Sibling Student Loan Payments

In addition to being able to distribute $10,000 from the 529 and apply it towards the account beneficiary's outstanding student loans, the account owner can also distribute up to $10,000 for each sibling of the 529 account beneficiary and apply that toward their outstanding student loan balance.  The definition of siblings includes sisters, brothers, stepbrothers, and stepsisters.

Parent Plus Loans

If the parents took out Parent Plus Loans to help pay for their child’s college, after distributing $10,000 to repay student loans in their child’s name, they could then change the beneficiary on the 529 to themselves and distribute $10,000 to repay any outstanding Parent Plus loans taken in the parent’s name since the parent is considered a different “borrower”. 

Most but Not All Student Loans Qualify

Most Federal and private student loans qualify for repayment under this special 529 distribution option. However, there is additional criteria to make sure a private student loan qualifies for repayment.  The list is too long to include in this article, but just know if you plan to take a distribution from a 529 account to repay a private student loan, additional research is required.

Forfeiting Student Loan Interest Tax Deduction

If a distribution is made from a 529 account and applied toward a student loan, it may limit the taxpayer’s ability to deduct the student loan interest when they file their taxes.

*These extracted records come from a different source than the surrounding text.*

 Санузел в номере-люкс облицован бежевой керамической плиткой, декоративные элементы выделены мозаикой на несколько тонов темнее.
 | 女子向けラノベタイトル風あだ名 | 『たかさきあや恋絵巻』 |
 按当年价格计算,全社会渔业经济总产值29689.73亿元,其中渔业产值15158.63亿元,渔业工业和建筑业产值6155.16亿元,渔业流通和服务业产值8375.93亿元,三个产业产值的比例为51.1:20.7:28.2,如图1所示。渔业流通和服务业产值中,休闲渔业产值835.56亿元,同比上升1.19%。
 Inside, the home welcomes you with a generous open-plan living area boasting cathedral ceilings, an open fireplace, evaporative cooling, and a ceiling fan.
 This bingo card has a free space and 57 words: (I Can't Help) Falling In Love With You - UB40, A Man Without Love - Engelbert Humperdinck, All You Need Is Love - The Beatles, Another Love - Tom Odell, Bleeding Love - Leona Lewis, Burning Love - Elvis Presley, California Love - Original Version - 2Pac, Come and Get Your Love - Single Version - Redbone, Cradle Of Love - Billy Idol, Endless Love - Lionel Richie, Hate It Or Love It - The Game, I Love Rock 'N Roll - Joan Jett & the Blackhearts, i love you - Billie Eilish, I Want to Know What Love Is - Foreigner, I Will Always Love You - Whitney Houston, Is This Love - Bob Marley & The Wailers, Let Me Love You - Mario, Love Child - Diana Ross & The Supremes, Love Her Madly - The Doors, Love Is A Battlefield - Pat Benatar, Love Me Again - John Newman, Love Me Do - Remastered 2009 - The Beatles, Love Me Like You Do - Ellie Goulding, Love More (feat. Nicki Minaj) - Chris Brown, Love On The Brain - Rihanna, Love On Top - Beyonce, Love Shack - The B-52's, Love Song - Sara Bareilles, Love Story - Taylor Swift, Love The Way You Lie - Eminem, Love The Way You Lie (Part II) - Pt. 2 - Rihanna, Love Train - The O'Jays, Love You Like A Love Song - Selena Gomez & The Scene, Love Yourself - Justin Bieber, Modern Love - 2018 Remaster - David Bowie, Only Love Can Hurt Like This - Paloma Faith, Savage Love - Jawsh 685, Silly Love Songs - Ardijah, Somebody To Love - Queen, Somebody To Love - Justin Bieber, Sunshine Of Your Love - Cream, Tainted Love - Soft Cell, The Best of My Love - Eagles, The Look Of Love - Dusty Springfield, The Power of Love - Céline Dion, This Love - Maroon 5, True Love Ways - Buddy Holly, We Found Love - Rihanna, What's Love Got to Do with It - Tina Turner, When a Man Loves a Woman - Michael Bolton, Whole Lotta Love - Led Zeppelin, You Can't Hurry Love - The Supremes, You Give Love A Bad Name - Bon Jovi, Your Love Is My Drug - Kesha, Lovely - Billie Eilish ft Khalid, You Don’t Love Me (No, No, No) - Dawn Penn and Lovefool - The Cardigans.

The student loan interest deduction is currently $2,500 per year.   Whether or not the distribution from the 529 will limit or eliminate the $2,500 tax deduction will depend on how much of the 529 distribution was made to repay the student loans cost basis versus earnings. 

Example: If a parent distributes $10,000 from their child’s 529 account and applies it toward their outstanding student loan balance, and $6,000 of the $10,000 was cost basis (what the parent originally contributed to the 529) and $4,000 was earnings, the earnings portion of the distribution is applied against the $2,500 student loan tax deduction amount. So, any distributions made from a 529 to repay a student loan with earnings equal to or greater than $2,500 would completely eliminate the student loan tax deduction for that year.

About Michael……...

Hi, I’m Michael Ruger. I’m the managing partner of Greenbush Financial Group and the creator of the nationally recognized Money Smart Board blog . I created the blog because there are a lot of events in life that require important financial decisions. The goal is to help our readers avoid big financial missteps, discover financial solutions that they were not aware of, and to optimize their financial future.

read more

Frequently Asked Questions (FAQs):

What is the 529 Qualified Loan Repayment option?
The Qualified Loan Repayment option allows 529 plan owners to use funds from a 529 account to repay student loans for the account’s beneficiary and the beneficiary’s siblings. This provision was introduced under the Secure Act in 2019.

Are all states required to allow 529 loan repayment distributions?
No. While the Secure Act allows these distributions at the federal level, each state determines whether they qualify as tax-free distributions under its own rules. For example, New York did not recognize these as qualified distributions until September 2024. Before that, loan repayments from a 529 could trigger state income tax, penalties, and loss of prior deductions.

What is the lifetime limit for 529 loan repayment distributions?
Each borrower has a $10,000 lifetime limit for student loan repayments made using 529 funds. This is an aggregate limit per borrower across all 529 accounts, even if the accounts are owned by different people.

Can 529 funds be used to pay a sibling’s student loans?
Yes. Up to $10,000 can be distributed for each sibling of the 529 account beneficiary to repay their student loans. Siblings include brothers, sisters, stepbrothers, and stepsisters.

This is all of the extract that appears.